The green skin F3 generation melons show normal leaf characteristics. 

The yellow skin watermelons get their characteristic from a single recessive "go" gene named by Cornell breeder, Dick Robinson, for "Royal Golden", an heirloom melon he studied the genetics of 25 years ago.  Just why some yellow skinned watermelons start out yellow while others turn from pure green to yellow is a matter of how the "go" gene is expressed and the intermediate yellow and green immature fruit of the F3 generation of Yellow Jubilee may provide a clue in how the gene is expressed.  It doesn't help that water stress and other environmental factors can cause some variability in gene expression.  This year we're backcrossing some of the yellow skin F2's with the original F1 to increase the expression of immature yellow skin fruit.
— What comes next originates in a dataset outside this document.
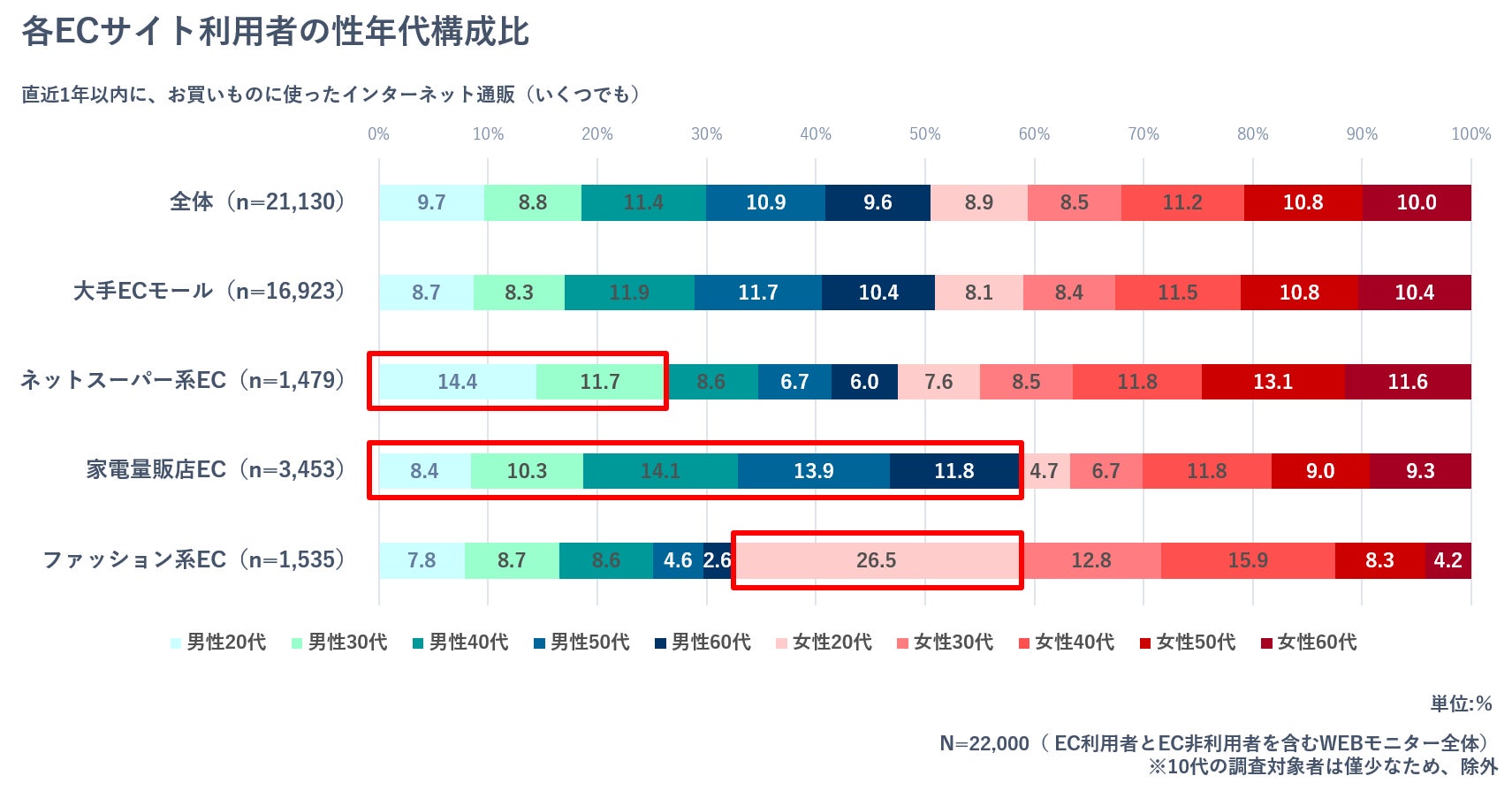 大手ECモール利用者の性年代構成比は、全体と同じ傾向に。家電量販店利用者の性年代構成比をみてみると、男性の割合が全体比で高い。ファッション系EC利用者の性年代構成比は、女性の割合が全体比で高く、特に女性20代の割合が全体比で高くなることがわかった。また、ネットスーパー系EC利用者の性年代別構成比をみてみると、男性20代は14.4%、男性30代は11.7%(全体との差分はそれぞれ+4.7pt、+2.9pt)と、男性若年層の割合が比較的高く、また全体との差分が大きいことから、男性若年層を中心にネットスーパー系ECの利用が進んでいることが推測される。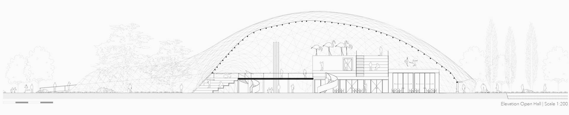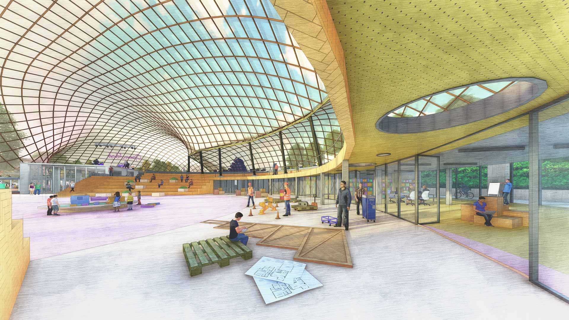 The largest hall will be used as an event space with workshops and labs located in its perimeter. A modular system allows the user to adjust the space to multiple situations. The modules can be used in other parts of the Multihalle, and even taken out to the neighbourhood or the city. Their human scale will encourage participation: the people can activate and transform the halls themselves.

"Royal Golden", source of the "go" gene, is a large melon looking a lot like a pumpkin when it ripens from green to orange is still available through some small seed companies that preserve the older varieties.  I don't know if it is the same cultivar as "Pumpkin Rind" (which I haven't grown).  I suspect that it is very similar.  "Pumpkin Rind" is mentioned as the yellow skinned parent of another melon still seen in commerce, "Golden Midget" which was developed in the late 1950's at the University of New Hampshire by Elwyn Meader and Albert Yeager.  Golden Midget gets it's better qualities from "New Hampshire Midget", a small, early sweet melon which is green skinned.